La « responsabilité primaire » semble prioritaire par rapport à la « responsabilité secondaire ». Mais la première n’exclut ni ne dévalorise la deuxième, puisque, disent- ils, chaque membre internalise ses responsabilités et ses droits et sait à qui s’adresser prioritairement en cas de besoins. « Si un caillou tombe d’en haut, que chacun se protège la tête », disent-ils, pour souligner l’importance de cette « responsabilité primaire » dévolue au père, en ce qui concerne la gestion de son ménage. C’est au nom de cette « responsabilité primaire » vis-à-vis de son ménage que le lévirat et la redistribution des enfants orphelins aux membres de la famille sont éminemment valorisés dans la société coutumière en pays mossi. Il est important que chaque épouse ou chaque enfant ait son « toit », c’est-à-dire une protection rapprochée sous le couvert d’un père de famille. Le père constitue un « toit », aussi bien en ce qui concerne les processus décisionnels autour de l’enfant, qu’en matière de satisfaction de ses besoins.

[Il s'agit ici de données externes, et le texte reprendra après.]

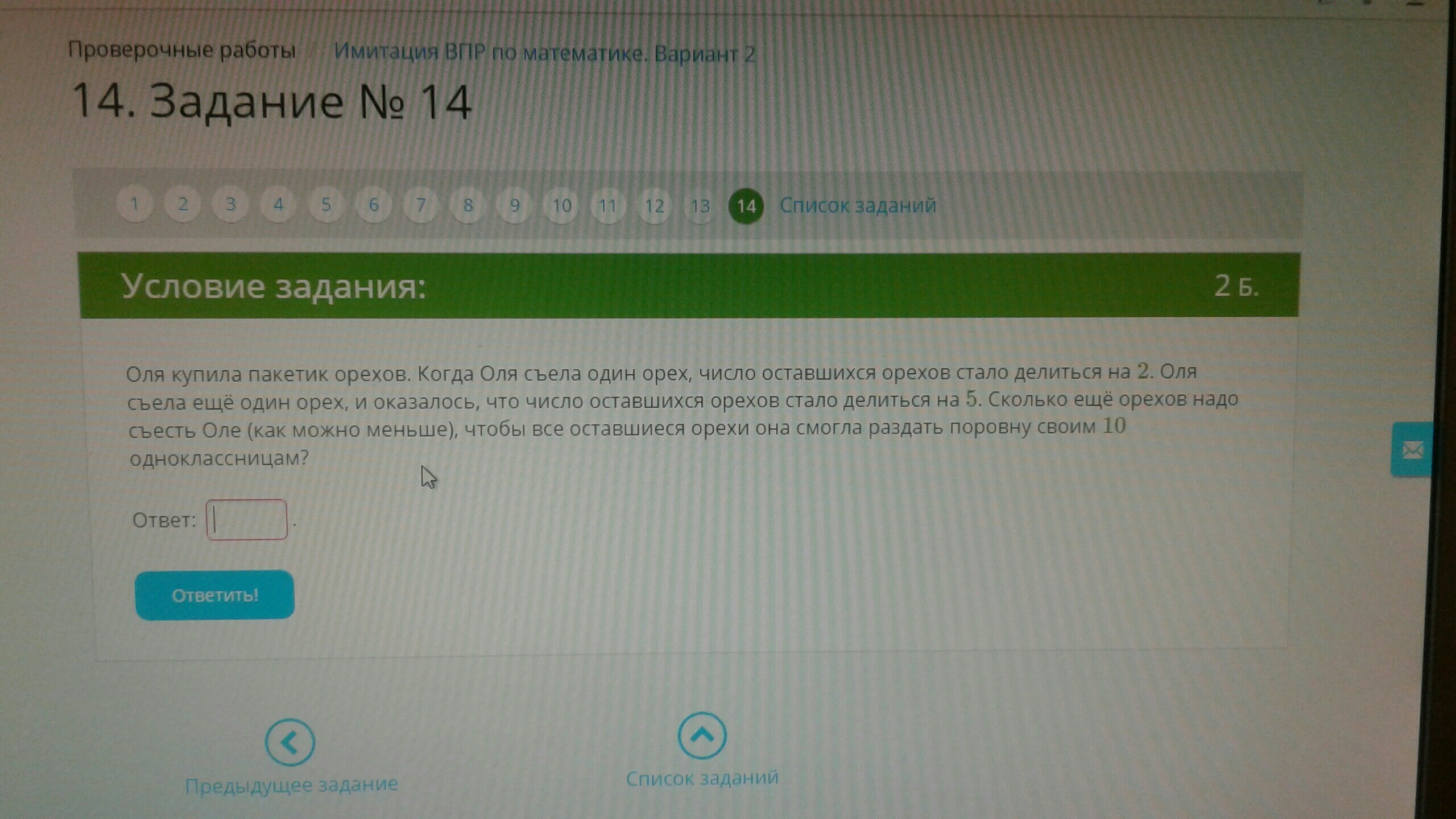 Если число орехов в начале было 17 то тогда когда Оля съела 1 орех получилось 16. 16 делится на 2 и когда она съела ещё один получилось 15. 15 делится на 5 значит нужно съесть ещё 5 орехов чтобы раздать 10 людям!

Toutefois, les règles de filiation définissant les modes de transfert d’enfants orphelins ne sont pas toujours appliquées en pays mossi. En effet, ainsi que nous le soulignions au chapitre 1, selon ces normes de filiation, l’enfant appartient à la famille du père. Au décès du père, les frères de celui-ci ou l’aîné des enfants assurent la charge des enfants orphelins. Le lévirat est un mécanisme par lequel la veuve et les enfants orphelins sont maintenus dans la famille élargie. En d’autres termes, les sœurs du père défunt n’ont pas une responsabilité particulière en ce qui concerne l’accueil des enfants orphelins.

121 Il faut souligner, à la suite de Cook (1996), que dans la société coutumière en pays mossi, la pratique du lévirat et la redistribution des enfants orphelins à l’intérieur de la famille élargie reposaient fondamentalement sur les règles définissant l’accès aux héritages (terres, biens matériels, etc.). Dans la société contemporaine, notamment dans les villes, la définition de la filiation par rapport à l’accès aux terres ou aux héritages a perdu de son importance. Selon Badini (1994), chez les Mossi, le fonctionnement de ces normes de filiation définissant des droits et des devoirs supposent des instances sociales correctionnelles en cas de non-respect de ces normes. Dans la société coutumière, les personnes âgées assuraient ce rôle correctionnel. De nos jours, de plus en plus, les fondements de la filiation reçoivent un coup (Locoh, 2009), ce qui fragilise l’importance de la famille élargie dans le soutien aux enfants orphelins, en milieu urbain comme en campagne. En conséquence, bien que les normes de filiation soient connues, elles ne sont pas toujours appliquées en ce qui concerne le soutien de la famille élargie à la veuve ainsi qu’au regard de la circulation des enfants orphelins à l’intérieur de la famille. Les raisons qui justifient la fragilisation du soutien de la famille aux enfants orphelins chez les Mossi sont variées. Ces raisons s’inscrivent dans plusieurs logiques, et varient d’une famille à l’autre.